*** Opening of Extracted information ***
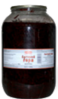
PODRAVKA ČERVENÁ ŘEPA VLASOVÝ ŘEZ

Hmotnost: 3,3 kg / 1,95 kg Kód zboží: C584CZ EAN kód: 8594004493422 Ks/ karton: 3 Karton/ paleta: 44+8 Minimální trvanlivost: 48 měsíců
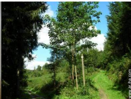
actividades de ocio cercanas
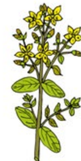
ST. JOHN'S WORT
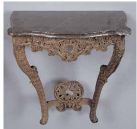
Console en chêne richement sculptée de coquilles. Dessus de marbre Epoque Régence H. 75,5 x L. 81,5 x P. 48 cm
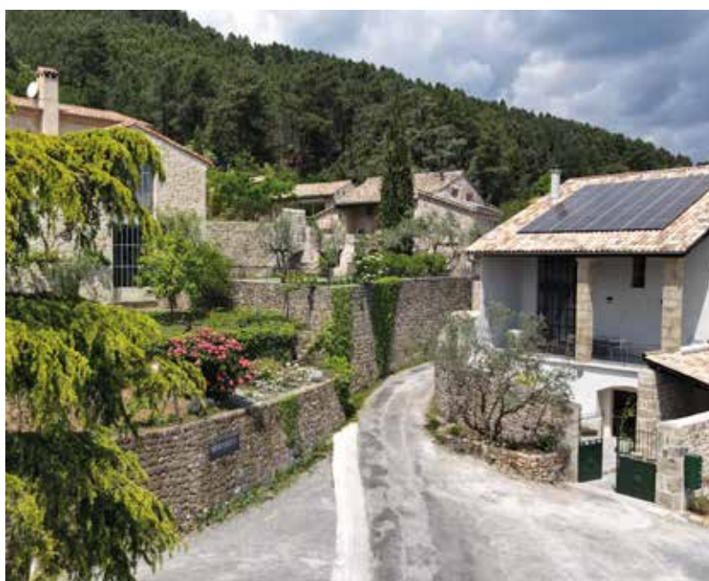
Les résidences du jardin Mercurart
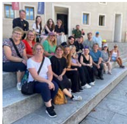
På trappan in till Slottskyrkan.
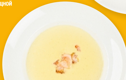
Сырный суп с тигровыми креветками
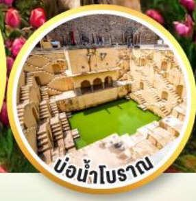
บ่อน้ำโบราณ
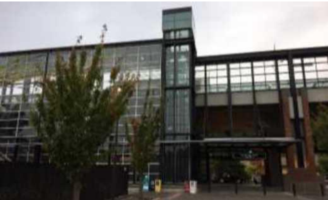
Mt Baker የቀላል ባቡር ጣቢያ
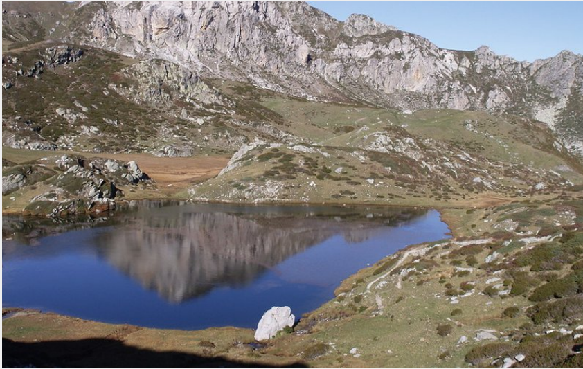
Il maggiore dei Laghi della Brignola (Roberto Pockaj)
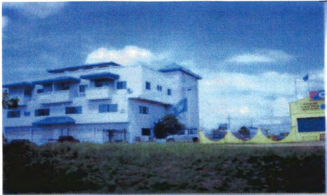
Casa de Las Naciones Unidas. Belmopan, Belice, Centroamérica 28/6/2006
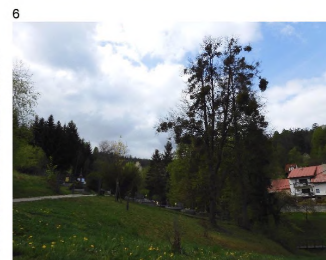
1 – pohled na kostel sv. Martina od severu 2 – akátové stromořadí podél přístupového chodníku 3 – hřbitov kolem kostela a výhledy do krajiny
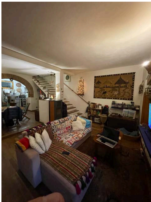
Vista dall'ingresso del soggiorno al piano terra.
*** Close of Extracted information ***
*** Opening of Extracted information ***
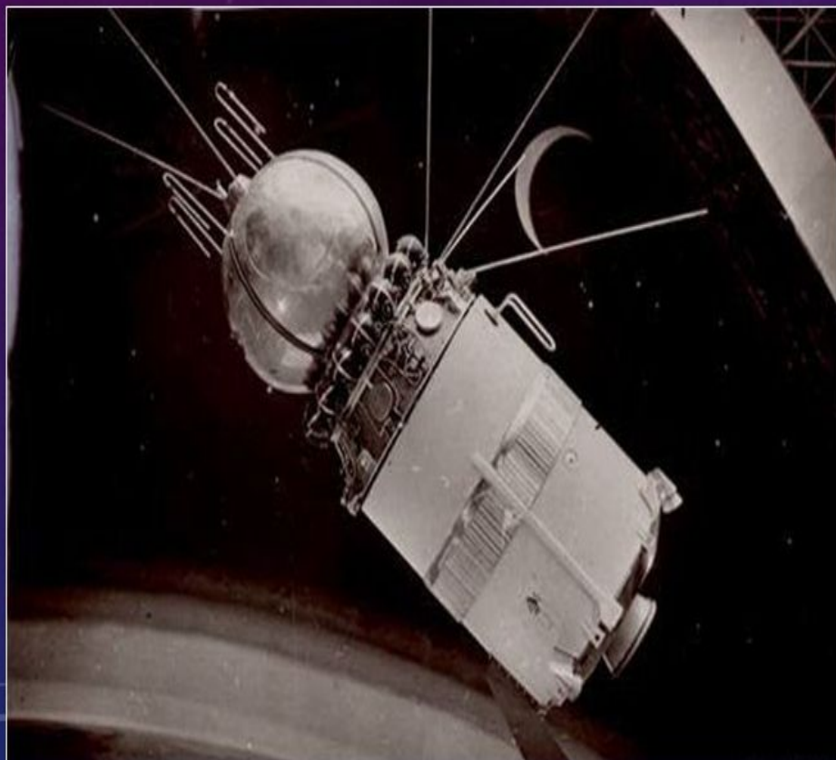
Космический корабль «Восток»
*** Close of Extracted information ***
*** Opening of Extracted information ***
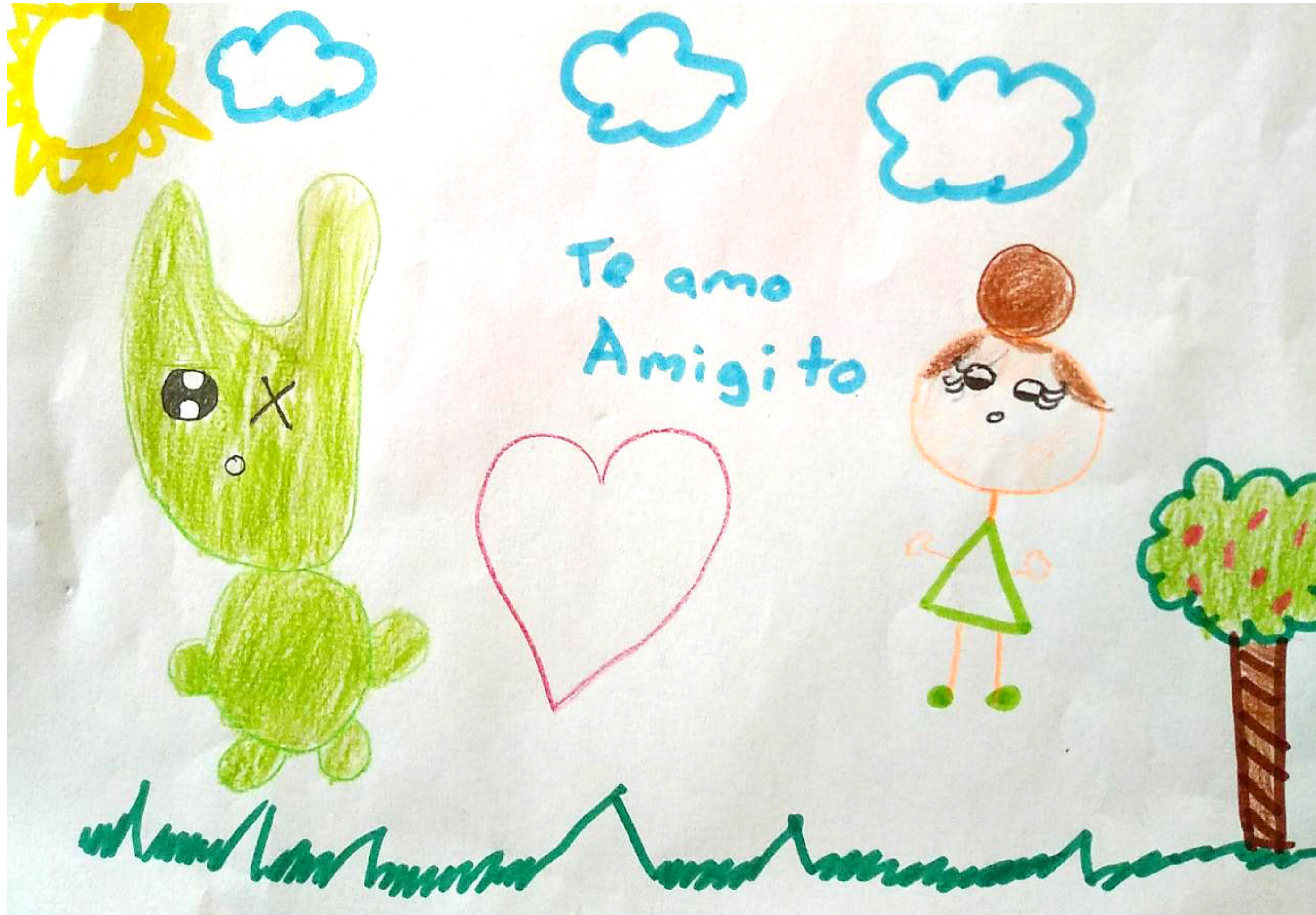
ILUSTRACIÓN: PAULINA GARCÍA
*** Close of Extracted information ***
- **The task**
Among the entries above, find the line with "Hmotnost: 3,3 kg" and repeat exactly from there through the line with "Vista dall'ingresso del", leaving out the pictures.

- **Solution to the exercise**
Hmotnost: 3,3 kg / 1,95 kg Kód zboží: C584CZ EAN kód: 8594004493422 Ks/ karton: 3 Karton/ paleta: 44+8 Minimální trvanlivost: 48 měsíců
actividades de ocio cercanas
ST. JOHN'S WORT
Console en chêne richement sculptée de coquilles. Dessus de marbre Epoque Régence H. 75,5 x L. 81,5 x P. 48 cm
Les résidences du jardin Mercurart
På trappan in till Slottskyrkan.
Сырный суп с тигровыми креветками
บ่อน้ำโบราณ
Mt Baker የቀላል ባቡር ጣቢያ
Il maggiore dei Laghi della Brignola (Roberto Pockaj)
Casa de Las Naciones Unidas. Belmopan, Belice, Centroamérica 28/6/2006
1 – pohled na kostel sv. Martina od severu 2 – akátové stromořadí podél přístupového chodníku 3 – hřbitov kolem kostela a výhledy do krajiny
Vista dall'ingresso del soggiorno al piano terra.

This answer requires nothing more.